KABUL (Reuters) - Controlling the opium trade in Afghanistan, the world’s leading producer of the drug, is a key element in the fight against Taliban militants.
With thousands of U.S. Marines launching a major new offensive against the Taliban-led insurgency in southern Helmand province, the epicenter of world opium production, the U.S. envoy to Pakistan and Afghanistan, Richard Holbrooke, has also foreshadowed a new approach to controlling the trade.
Following are questions and answers about Afghanistan’s poppy production, its role in the insurgency and efforts to combat it.
HOW MUCH POPPY IS GROWN?
Afghanistan produces 93 percent of the world’s opium, a thick paste made from the poppies that is processed to make heroin, according to United Nations figures.
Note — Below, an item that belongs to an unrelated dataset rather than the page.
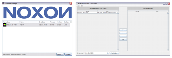 Im zweiten Schritt muss das Konfigurationsmenü des iRadio aufgerufen werden. Das geht auf zweierlei Art: Entweder klickt man in der Netzwerkumgebung das entsprechende UPnP-Symbol an oder man gibt die IP des NOXON direkt in den Browser ein. Beide Wege führen zum Ziel, und es erscheint ein Browserfenster, das über den Gerätestatus wie etwa die Betriebsbereitschaft oder die Stärke des WLAN-Signals informiert. Hier kann unter der Rubrik „Software-Update“ die entsprechende Firmware eingespielt werden. Diese Schritte sind selbsterklärend und verständlich gemacht, so dass wir hier nicht weiter darauf eingehen. Abschließend wollen wir uns auf der nächsten Seite das iRadio noch kurz unter praktischen Bedingungen ansehen.

In 2008, 157,000 hectares of opium were cultivated, down 19 percent from 193,000 hectares in 2007. Opium production only declined 6 percent to 7,700 tonnes because of record high yields.
Helmand cultivated 103,000 hectares in 2008.
In the same period, prices fell by about 20 percent, meaning the value of the opium to Afghan farmers fell by about a quarter from roughly $1 billion to about $730 million.
The export value of opium, morphine and heroin at border prices in neighboring countries fell to $3.4 billion in 2008 from $4 billion in 2007, according to the U.N. Office on Drugs and Crime (UNODC) 2008 Afghan Opium Survey.
WHAT IS THE LINK BETWEEN OPIUM AND THE TALIBAN?
The Taliban are mainly funded by the opium trade.
Despite the drop in cultivation, production and prices, the UNODC says the Taliban and other “anti-government forces” still make “massive amounts of money from the drug business.” Their take, mainly from levies on processing and trafficking, has been put at between $200 million and $400 million, with up to $70 million more from “ushr,” or charges on economic activity.
UNODC executive director Antonio Maria Costa has also pointed to the danger of opium stocks held by the Taliban. “For a number of years, Afghan opium production has exceeded world demand. The bottom should have fallen out of the opium market, but it hasn’t,” he said in the UNODC’s 2008 Afghan Opium Survey.
“So where is the missing opium? Lack of price response in the opium market can only be the result of stock build-ups, and all evidence points to the Taliban.”
HOW DOES IT AFFECT MILITARY STRATEGY?
Addressing the opium problem will no doubt form a big part of General Stanley McChrystal’s new counter-insurgency strategy, part of Washington’s wider effort to defeat the Taliban and stabilize Afghanistan.
McChrystal and other commanders say their new strategy is designed to win the hearts and minds of ordinary Afghans, “to talk more and shoot less.”
But the amount of money farmers can make from opium instead of other crops like wheat is a big problem. Destroying farmers’ livelihoods by eradicating opium crops would make it very difficult to win them over to the fight against the Taliban.
In 2007, the gross income ratio for farmers from opium to wheat was 10:1. In 2008 that narrowed to 3:1, although that was partly due to drought. The United Nations has called for greater international development to consolidate on gains, along with “more honest government” and more security, it says.
WHAT ABOUT ERADICATION?
Holbrooke told a G8 conference this week that Washington is to phase out poppy eradication in a dramatic overhaul of its anti-drug strategy.
“The Western policies against the opium crop, the poppy crop, have been a failure. They did not result in any damage to the Taliban, but they put farmers out of work,” Holbrooke said.
Haroun Mir, political analyst and co-founder of Kabul’s Afghanistan Center for Research and Policy Studies, agreed.
“I’m sure this new (Holbrooke) decision to shift the counter-narcotics policy has something to do with the new General McChrystal,” he said.
In total, only 5,480 hectares -- less than 4 percent of all cultivation -- were eradicated in 2008 compared with 19,047 hectares in 2007, a 71 percent drop.
Eradication is also costly and dangerous. At least 78 people involved in eradication, most of them policemen, were killed in 2008, a 75 percent increase on 2007, according to the
Supporters of poppy eradication say it is only a small part of a wider counter-narcotics policy and is only carried out on targeted areas where farmers have access to alternative crops.
Holbrooke says Washington will now concentrate on intercepting drugs and chemicals and going after drug lords.